━━━━━ Data segment ━━━━━

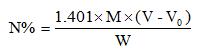V-樣品滴定標準酸消耗量(mL),精確到小數點后四位
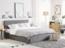 Elegantes Doppelbett 'ROCHEFORT' in Grau mit Lattenrost und hochklappbarem Bettkasten. Das luxuriös gepolsterte Bett aus Samtstoff bietet eine komfortable Liegefläche von 140 x 200 cm und ist ideal für kleine Schlafzimmer dank des großzügigen Stauraums. Der integrierte Lattenrost mit 24 Federholzleisten sorgt für optimale Gewichtsverteilung und höchsten Liegekomfort.
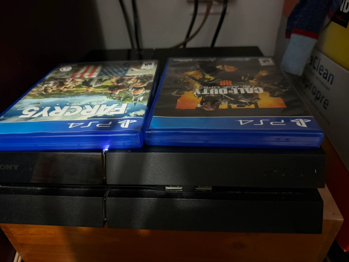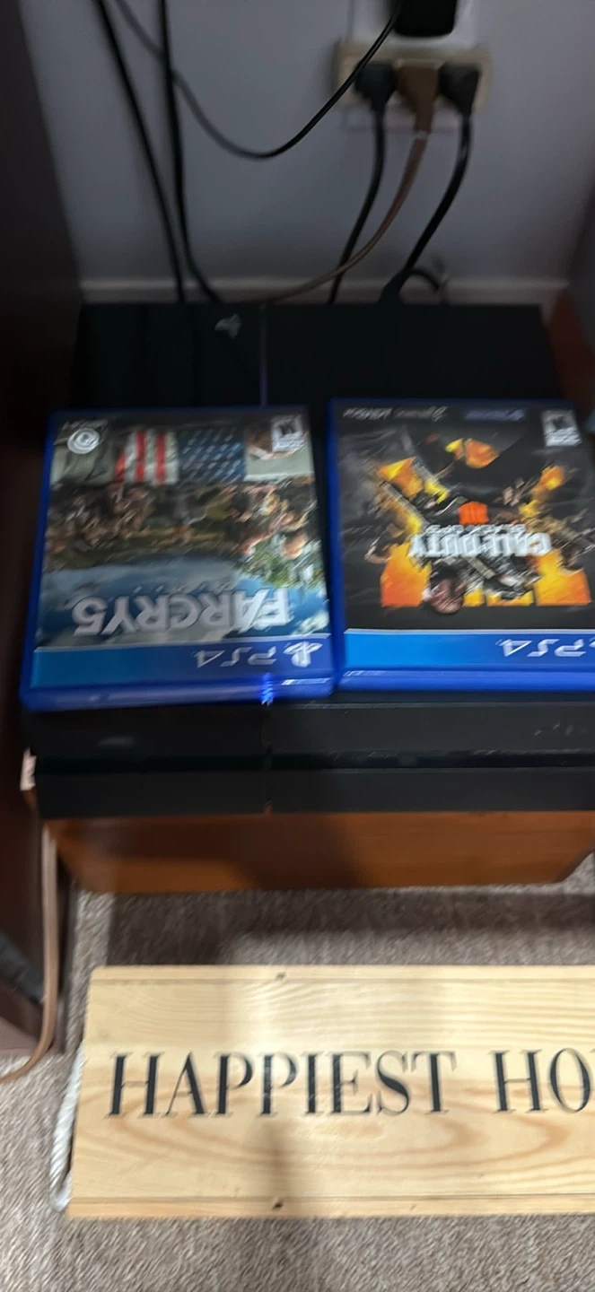 Sony PlayStation 4 Pro console. Includes two controllers and two games: Far Cry 5 and Call of Duty: Black Ops 4. Great for gaming enthusiasts!

━━━━━

Exercise requirements
When you transcribe the lines above, keep every word exact but leave the pictures behind.

Response to the exercise
V-樣品滴定標準酸消耗量(mL),精確到小數點后四位
 Elegantes Doppelbett 'ROCHEFORT' in Grau mit Lattenrost und hochklappbarem Bettkasten. Das luxuriös gepolsterte Bett aus Samtstoff bietet eine komfortable Liegefläche von 140 x 200 cm und ist ideal für kleine Schlafzimmer dank des großzügigen Stauraums. Der integrierte Lattenrost mit 24 Federholzleisten sorgt für optimale Gewichtsverteilung und höchsten Liegekomfort.
 Sony PlayStation 4 Pro console. Includes two controllers and two games: Far Cry 5 and Call of Duty: Black Ops 4. Great for gaming enthusiasts!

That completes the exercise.